WORK ITEM
In the entries that follow, find the line containing "The 30 sqm non-smoking" and the line containing "ごはん、牛乳、手作りハムカツ、きんぴらごぼう、麩のお吸い物", then retype exactly the lines from the first through the second, pictures excluded.

Collection entries:
[Start of Attachment]

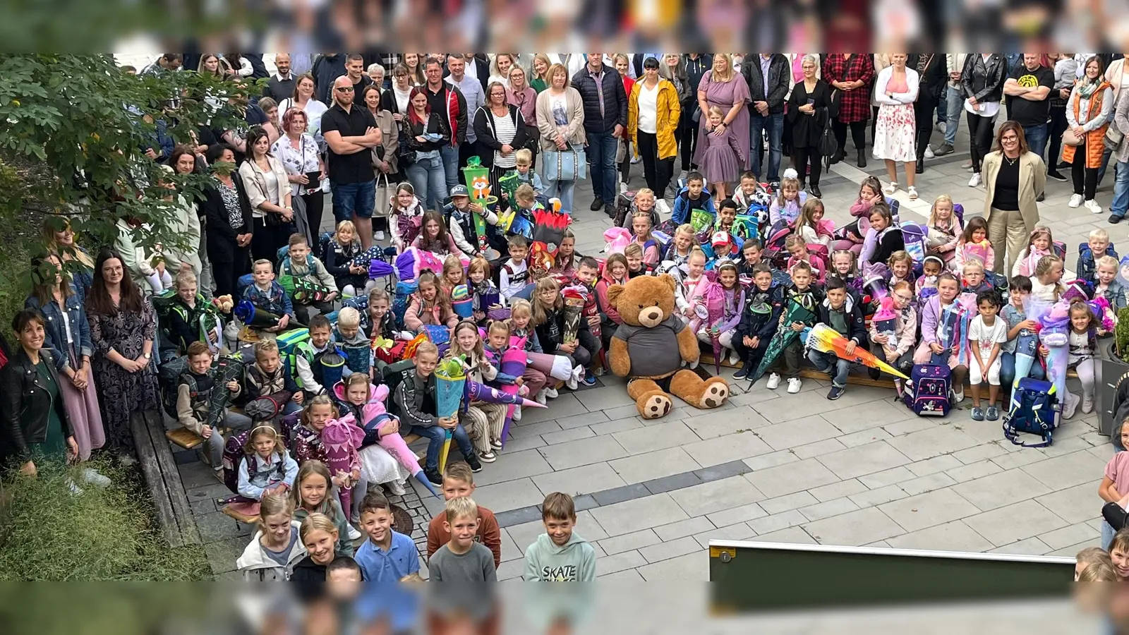 In drei Klassen starteten 65 Schulanfänger ihre Schullaufbahn an der Theobald-Schrems-Grundschule in Mitterteich. Auf dem Pausenhof wurden sie von Rektorin Petra Andritzky und den Erstklasslehrerinnen Angela Franz, Corinna Ehrlich und Lena Vates mit ihren Familien begrüßt. Nicht fehlen durfte dabei auch Schulmaskottchen Theo. Nachdem die 4. Klassen noch ein Begrüßungslied für die ABC-Schützen gesungen hatten, durften sie mit ihren Lehrerinnen zur ersten Unterrichtsstunde ins Klassenzimmer gehen. Das Elternbeiratsteam um Carola Wölfl bewirtete derweil die Eltern mit Kaffee und Kuchen.
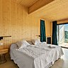 A l’intérieur, le bois est brut et apparent ce qui limite l’usage des peintures et autres parements. Les chutes de bois CLT, panneaux de bois lamellé croisé à usage structurel (sols et murs) ont été réutilisées pour réaliser le mobilier intérieur : lit, tables, étagères... La piscine et les maisons sont uniquement alimentées par l’eau de sources des montagnes environnantes. Une chaudière à bois déchiqueté produit l’énergie nécessaire pour chauffer la piscine et les cinq maisons du hameau du domaine des Chauvins. À terme c’est le bois récupéré sur le domaine qui alimentera la chaudière.
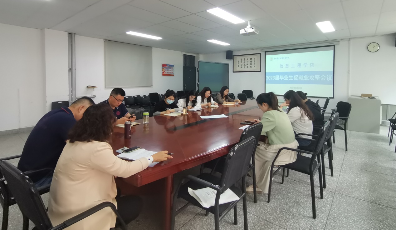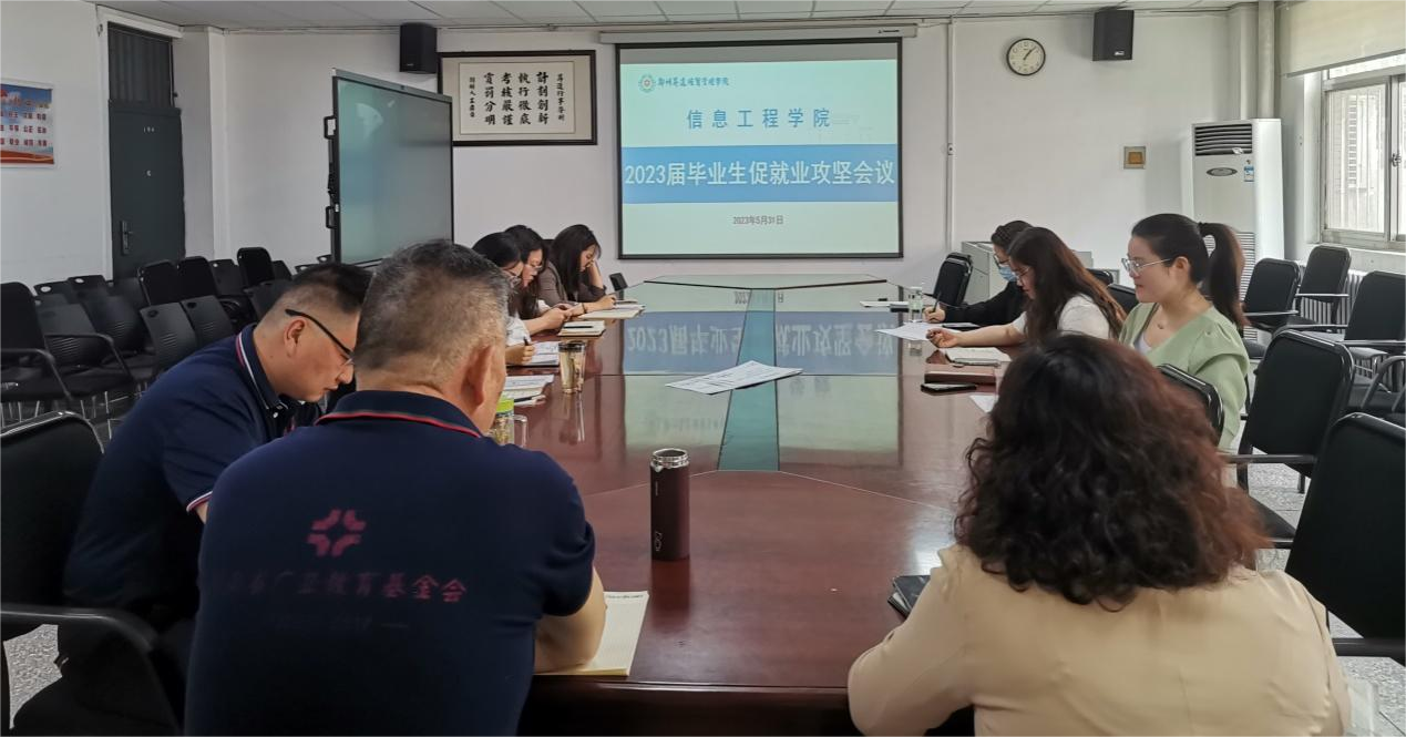 为了继续提高我院毕业生就业质量与就业率,保障毕业生顺利就业,尽早就业。信息工程学院于2023年5月31日在资讯楼104会议室召开2023届毕业生促就业攻坚会议。院长白鑫、党委书记张现水出席会议,行政秘书王崇主持会议,全体毕业班辅导员与就业专员参加本次会议。
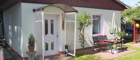 The 30 sqm non-smoking apartment is located on the first floor in the house of the landlord and is equipped with laminate flooring. The apartment has a combined living / bedroom with double bed, Child bed is possible as well as a comfortable couch, TV and radio and dinette. The separate kitchen is equipped with two hotplates, microwave, refrigerator and coffee maker. Bathroom with shower and toilet. The initial bed linen and towels is included in the price.
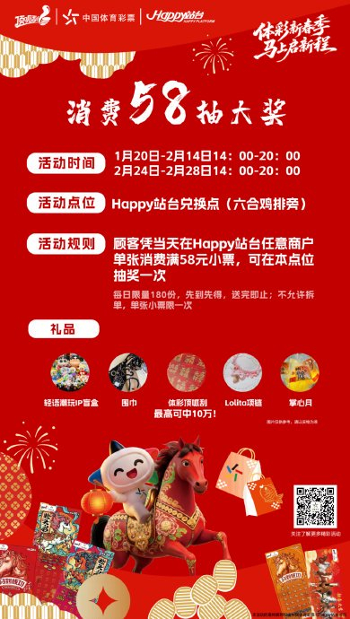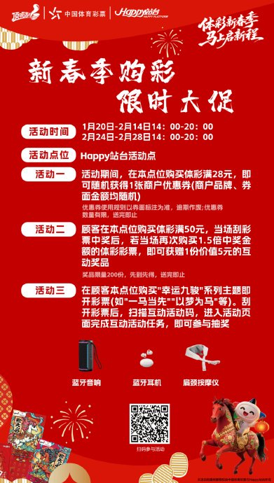 1月15日起,启盈优配Happy站台四大活动点位(六合鸡排旁、1楼市集摊位等)同步开启购彩好礼:满28元即赠随机商户优惠券,吃喝玩乐一站式省钱;满50元中奖后,再购1.5倍中奖金额彩票,可获价值5元互动奖品(限量200份);购买“幸运九骏”系列即开票,扫码完成互动任务,即有机会抽取蓝牙音响、蓝牙耳机、肩颈按摩仪等惊喜好礼。
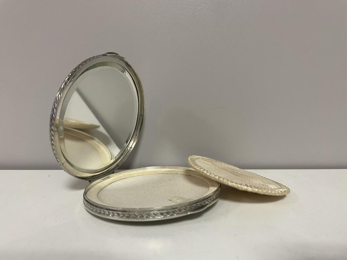 Aufschrift außen am Deckel ,, Für großen Mut 1.10.1952 " innen Spiegel und Pad
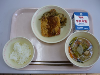 ごはん、牛乳、手作りハムカツ、きんぴらごぼう、麩のお吸い物
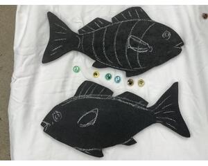 1. Purchase the Wood. 2. Cut the shape out with a jigsaw. 3. Sand the edges. 4. Route the edges and sand again. 5. Cut out the bottom piece from 1/2" wood and attach the made in USA ball bearing swivel that is very strong. 6. Sand bottom, route and drill the hole for attaching screws 7. Prime all pieces of wood. 8. Attach the two parts together, swivel in middle. 9. Attach, then paint the design 10. Coat with 2 coats of marine Urethane 11. Coat with two part epoxy resin. Blow bubbles out with torch. (See video in shop updates) 12. Put lid on, cross fingers and toes for good luck. 13. Hope it came out nice. and we don't need to coat it again. Are they perfect? Sometimes we get lucky. 14. After it dries, we remove the drips from the back, (I call them baubles) with a grinder. 15. The bottom paint is touched up. The piece is signed and dated and wrapped up in a pizza box for shipping.
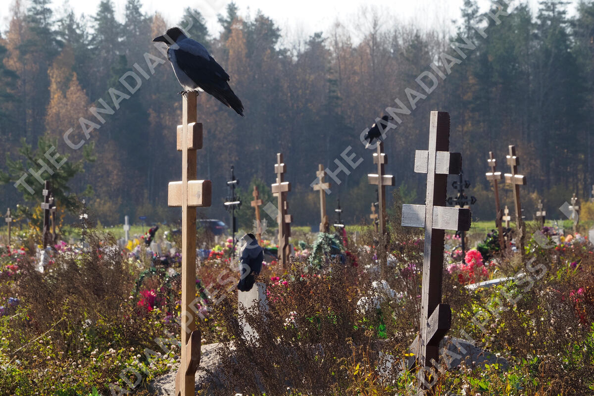 Crows sit on grave crosses in the section of a cemetery reserved for coronavirus victims in Kolpino, outside St. Petersburg, Russia, Tuesday, Oct. 12, 2021. Russia hit another record of daily coronavirus deaths Tuesday as the country struggled with a rapid surge of infections and lagging vaccination rates, but authorities have been adamant that there would be no new national lockdown. (AP Photo/Dmitri Lovetsky)
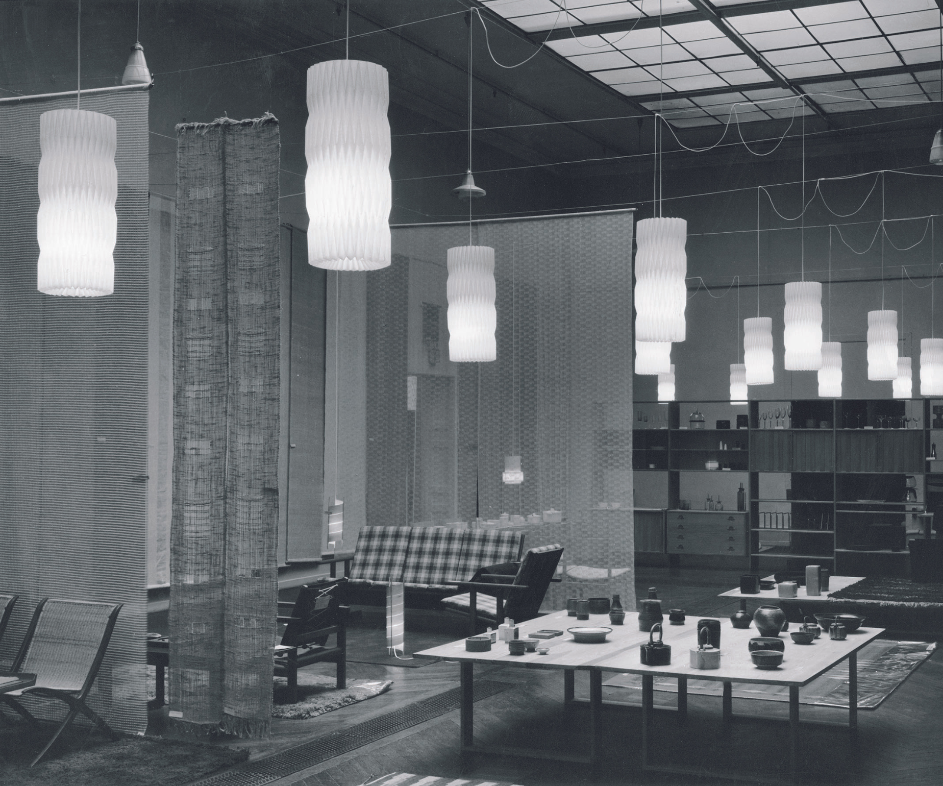 Med inspiration fra Kaare Klints krydsplisseringsteknik i Frugtlygten, designede Tove & Edvard Kindt-Larsen i 1954 denne cylinderformede skærm.

[End of Attachment]

SOLUTION FOR THIS EXERCISE
 The 30 sqm non-smoking apartment is located on the first floor in the house of the landlord and is equipped with laminate flooring. The apartment has a combined living / bedroom with double bed, Child bed is possible as well as a comfortable couch, TV and radio and dinette. The separate kitchen is equipped with two hotplates, microwave, refrigerator and coffee maker. Bathroom with shower and toilet. The initial bed linen and towels is included in the price.
 1月15日起,启盈优配Happy站台四大活动点位(六合鸡排旁、1楼市集摊位等)同步开启购彩好礼:满28元即赠随机商户优惠券,吃喝玩乐一站式省钱;满50元中奖后,再购1.5倍中奖金额彩票,可获价值5元互动奖品(限量200份);购买“幸运九骏”系列即开票,扫码完成互动任务,即有机会抽取蓝牙音响、蓝牙耳机、肩颈按摩仪等惊喜好礼。
 Aufschrift außen am Deckel ,, Für großen Mut 1.10.1952 " innen Spiegel und Pad
 ごはん、牛乳、手作りハムカツ、きんぴらごぼう、麩のお吸い物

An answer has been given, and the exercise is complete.